Supplying Demand and Safeguarding Businesses
With international energy prices depressed for more than a year and forecasts signaling low to relatively-low prices enduring through 2016, companies in the energy industry are also looking for innovative ways to grow their business and support the energy requirements of a robust economy. Additionally, regulatory changes aimed at addressing climate change and public health are shifting perspectives on how societies find, generate, and use energy resources.
Along with Azolla’s unsurpassed capacity to sequester large amounts of CO2 in the battle against climate change, the unassuming plant also holds significant potential as a biofuel. Azolla plants that live today are a significant biofuel source. Azolla BioSystems Ltd. has developed various techniques to convert Azolla’s biomass into biofuel, including methods to maximize its bio-oil potential. The enriched-nitrogen water that is a bi-product of Azolla’s sequestration is also used to fertilize algal growth, making the production of algal biofuel more efficient and cost-effective. This synergy provides a combined Azolla-Algal Biofuel (AAB) product that can be available locally anywhere in the world, without the need for long-distance transportation inherent in today’s energy infrastructure.

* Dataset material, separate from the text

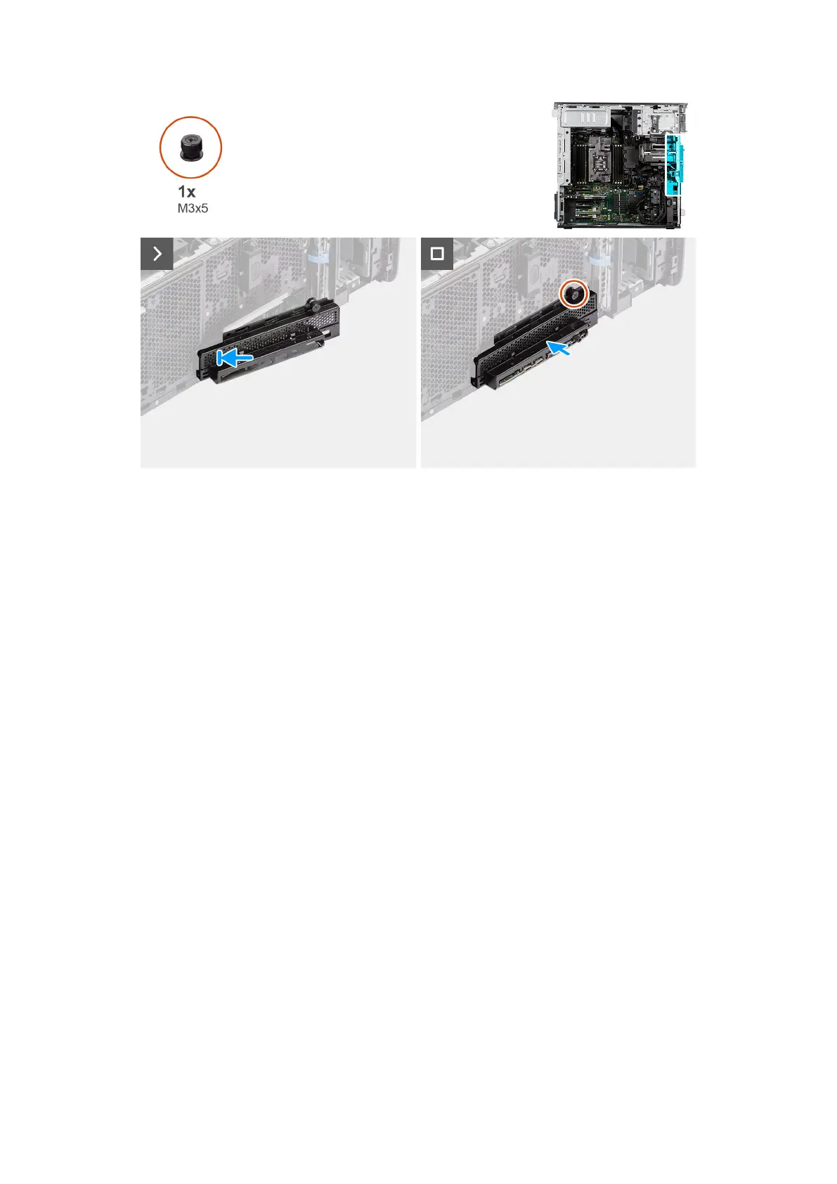 2. Tighten the thumbscrew (M3x5) to secure the front I/O bracket to the chassis.

The Benefits of Collaboration
Dr. Bujak has been an EGI Affiliate Scientist for over a decade, during which time he has contributed to research in biostratigraphy and paleoceanography in the North Atlantic and North Pacific-Bering Sea region.

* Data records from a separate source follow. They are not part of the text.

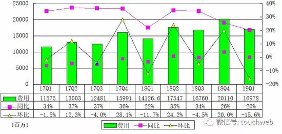 京东第一季度费用为169.78亿元,较上年同期的141亿元增长20%,较上一季度的201亿元降低15.6%。
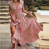 Women Bohemian Summer Floral Casual Loose Long Maxi Dress Beach Swing Short Sleeve
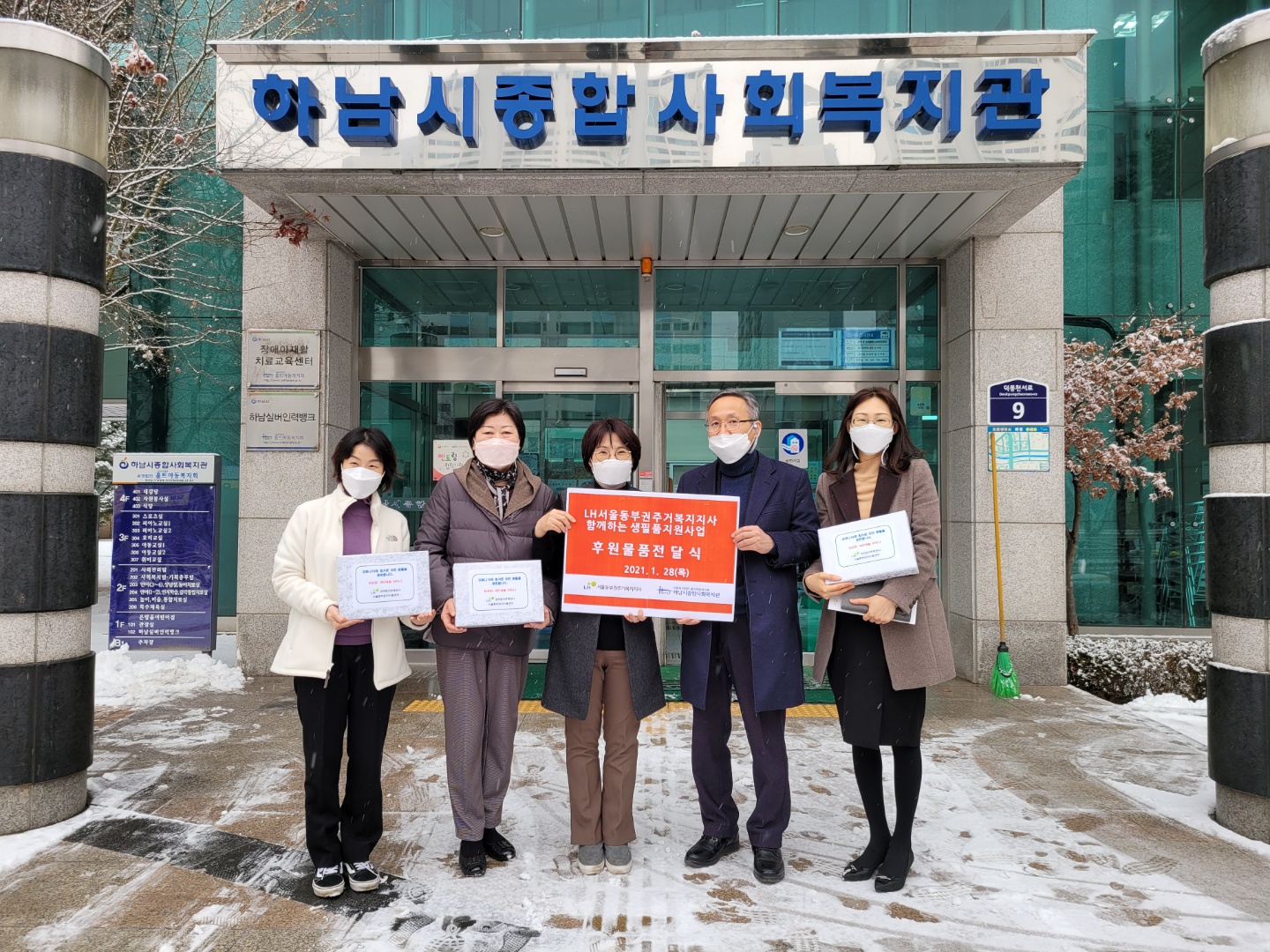 LH서울동부권주거복지지사 방한용품 전달식 작성일 : 2021.01.28 | 조회수 : 13882 LH서울동부권주거복지지사 김정기 지사장님과 임직원분들이 함께"추운 겨울 어려운 이웃들에게 도움이 되었으면 좋겠다."며, 소중한 방한용품을 복지관에 후원해 주셨습니다. 본 후원금은 하남시 지역내 저소득가정에 잘 전달 하겠습니다. 후원에 다시한번 감사드립니다. .

EGI’s robust collaborative relationships with premier researchers and institutions around the world have secured significant return on investment for our Corporate Associate members, as well as unparalleled access to academic institutions and governments globally. We are encouraged by the innovative work and substantial research produced thus far on Azolla’s unique potential and characteristics. We look forward to continuing our joint discussions on this fascinating and important area of research.
Weathering Changes in the Global Environment
Today, scientists and governments globally are considering the impacts of a rapidly changing global environment even as the demand for energy, land, and resources continues to grow. Accordingly, efforts to secure energy resources for citizens and economies worldwide are increasingly focusing on ways to not only find and produce energy, but to ensure that strong growth and secure societies include healthy environments and responsible, efficient use of shared resources.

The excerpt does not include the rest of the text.